> Task instructions
A faithful copy is needed of the lines below from the one with "The practical housing" up to and including the one with "Varningstext: Till hundar"; set it down with no pictures and no other lines.

=== Exercise material ===

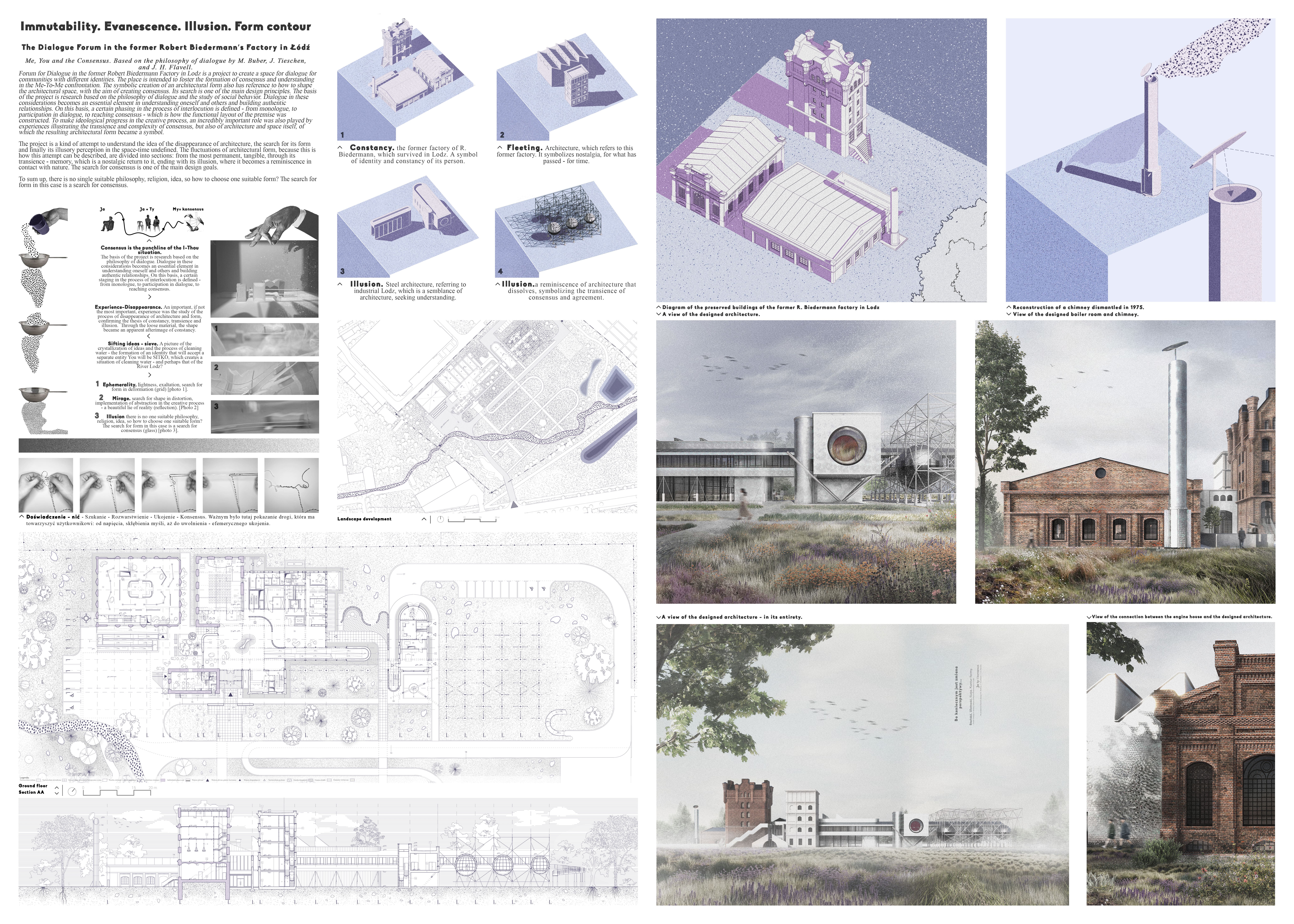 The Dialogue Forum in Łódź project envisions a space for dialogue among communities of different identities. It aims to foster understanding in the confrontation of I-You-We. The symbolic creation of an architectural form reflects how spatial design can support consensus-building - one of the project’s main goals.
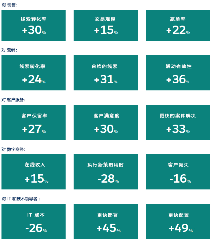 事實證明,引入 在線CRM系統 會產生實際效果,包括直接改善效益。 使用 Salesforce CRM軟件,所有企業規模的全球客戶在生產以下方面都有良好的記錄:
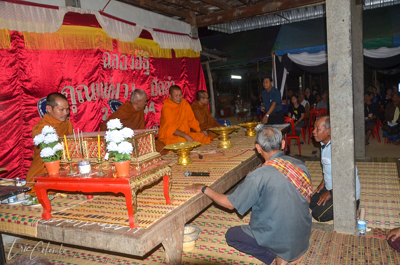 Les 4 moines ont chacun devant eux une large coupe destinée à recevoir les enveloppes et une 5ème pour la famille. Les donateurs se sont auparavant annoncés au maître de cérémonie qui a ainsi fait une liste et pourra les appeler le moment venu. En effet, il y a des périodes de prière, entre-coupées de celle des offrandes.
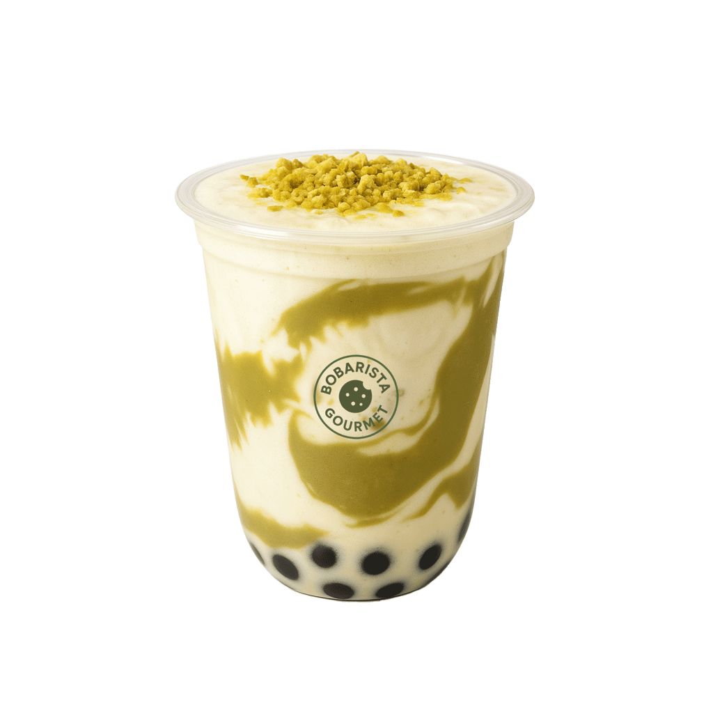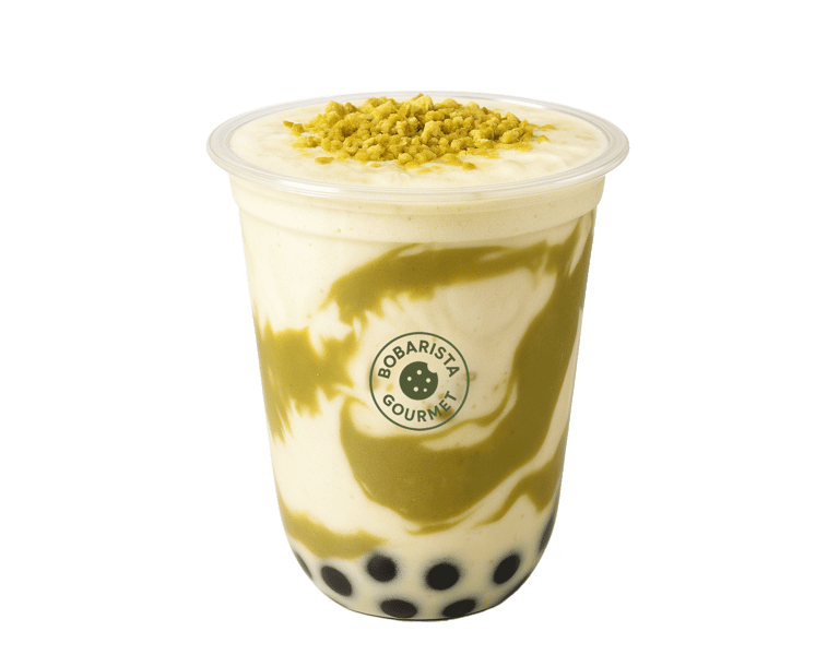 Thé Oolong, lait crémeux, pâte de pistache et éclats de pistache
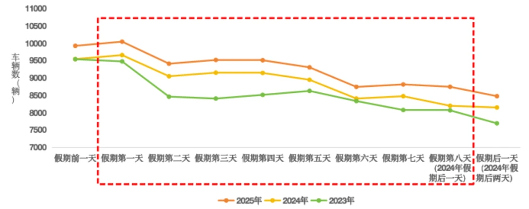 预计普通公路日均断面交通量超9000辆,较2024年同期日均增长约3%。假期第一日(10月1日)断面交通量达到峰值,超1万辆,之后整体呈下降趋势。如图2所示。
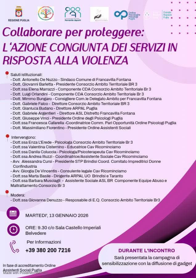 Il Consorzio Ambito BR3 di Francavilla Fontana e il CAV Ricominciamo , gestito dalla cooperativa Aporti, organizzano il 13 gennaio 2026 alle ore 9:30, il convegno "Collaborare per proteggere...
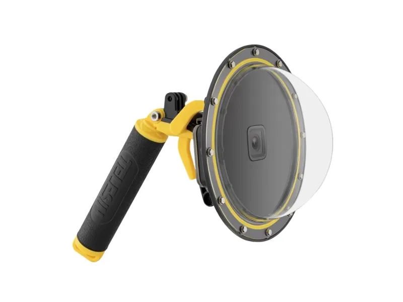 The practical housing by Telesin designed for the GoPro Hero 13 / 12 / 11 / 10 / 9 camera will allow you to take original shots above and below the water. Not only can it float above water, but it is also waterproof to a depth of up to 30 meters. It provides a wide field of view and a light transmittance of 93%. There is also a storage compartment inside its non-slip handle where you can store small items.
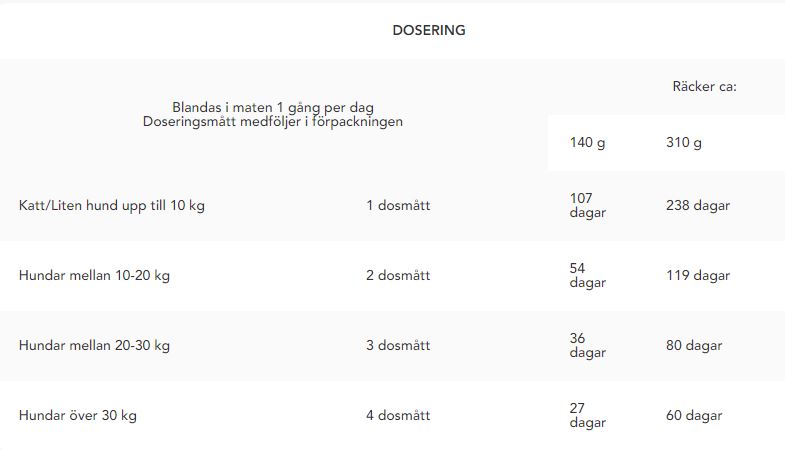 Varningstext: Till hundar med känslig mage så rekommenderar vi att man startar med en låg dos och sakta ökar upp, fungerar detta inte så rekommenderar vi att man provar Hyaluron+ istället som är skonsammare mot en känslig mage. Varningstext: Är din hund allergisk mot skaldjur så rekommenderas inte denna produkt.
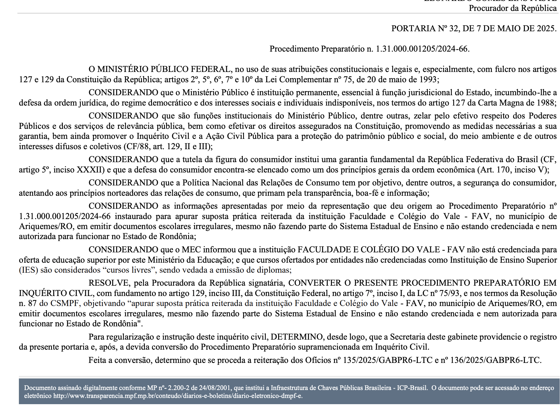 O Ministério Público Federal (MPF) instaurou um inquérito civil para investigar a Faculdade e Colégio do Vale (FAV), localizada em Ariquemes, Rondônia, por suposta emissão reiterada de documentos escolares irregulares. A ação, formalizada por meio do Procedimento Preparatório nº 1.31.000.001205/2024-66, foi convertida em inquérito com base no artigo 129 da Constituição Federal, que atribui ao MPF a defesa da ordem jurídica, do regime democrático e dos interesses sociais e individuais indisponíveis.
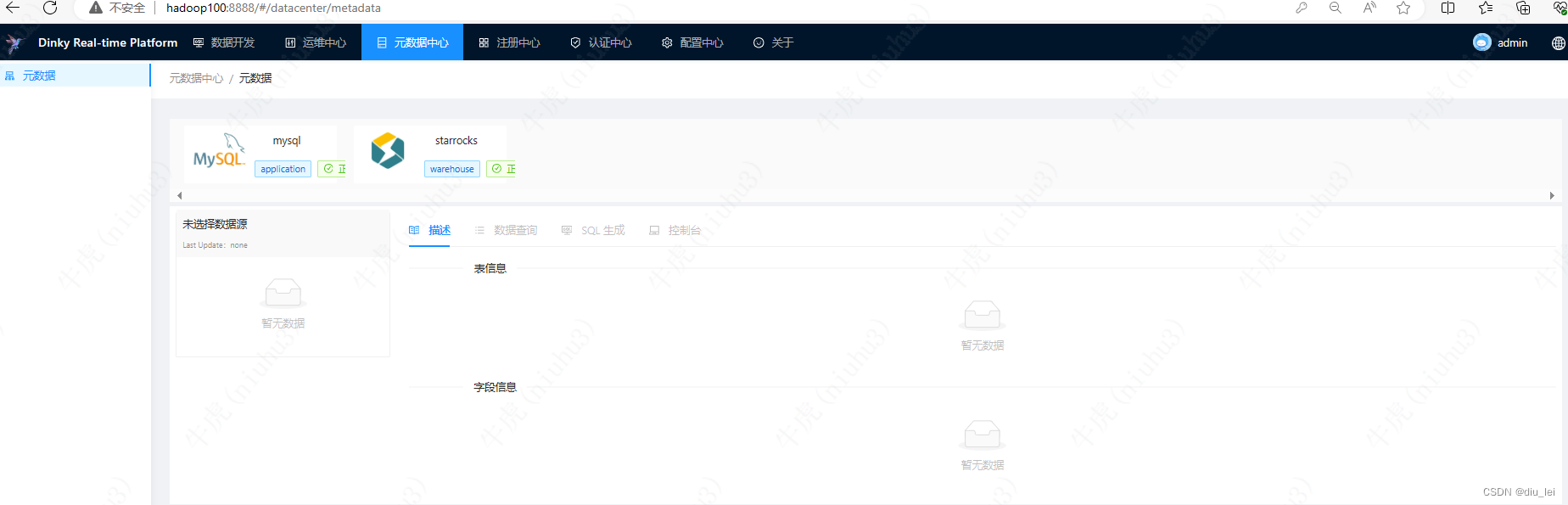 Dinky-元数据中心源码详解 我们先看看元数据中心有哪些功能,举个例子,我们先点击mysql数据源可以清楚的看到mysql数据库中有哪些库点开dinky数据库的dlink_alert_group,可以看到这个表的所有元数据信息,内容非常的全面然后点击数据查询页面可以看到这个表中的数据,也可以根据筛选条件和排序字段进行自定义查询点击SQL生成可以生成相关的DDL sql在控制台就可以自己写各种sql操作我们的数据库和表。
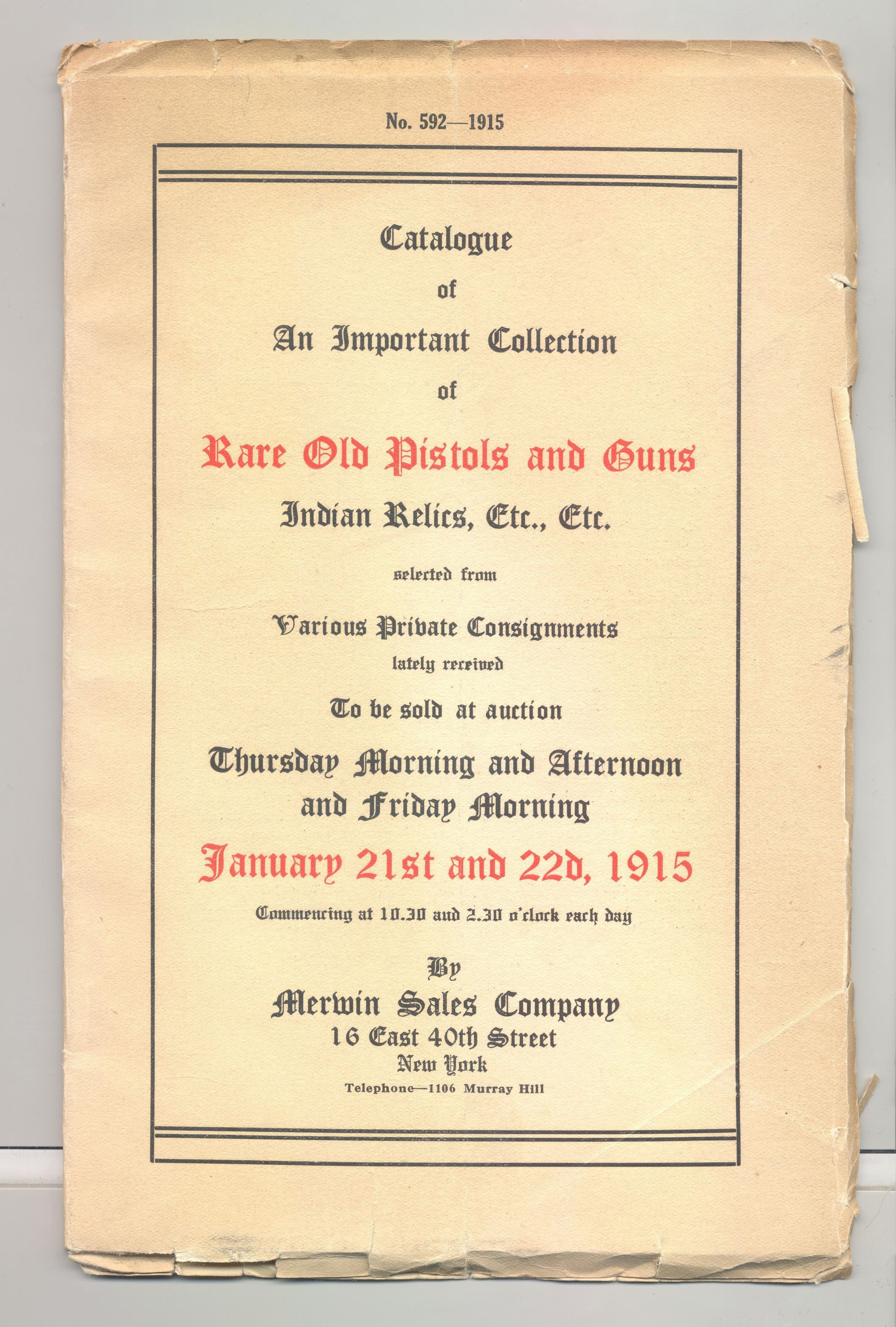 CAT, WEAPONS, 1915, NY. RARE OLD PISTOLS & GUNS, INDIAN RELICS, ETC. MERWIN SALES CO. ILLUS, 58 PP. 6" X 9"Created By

===

> Answer box
 The practical housing by Telesin designed for the GoPro Hero 13 / 12 / 11 / 10 / 9 camera will allow you to take original shots above and below the water. Not only can it float above water, but it is also waterproof to a depth of up to 30 meters. It provides a wide field of view and a light transmittance of 93%. There is also a storage compartment inside its non-slip handle where you can store small items.
 Varningstext: Till hundar med känslig mage så rekommenderar vi att man startar med en låg dos och sakta ökar upp, fungerar detta inte så rekommenderar vi att man provar Hyaluron+ istället som är skonsammare mot en känslig mage. Varningstext: Är din hund allergisk mot skaldjur så rekommenderas inte denna produkt.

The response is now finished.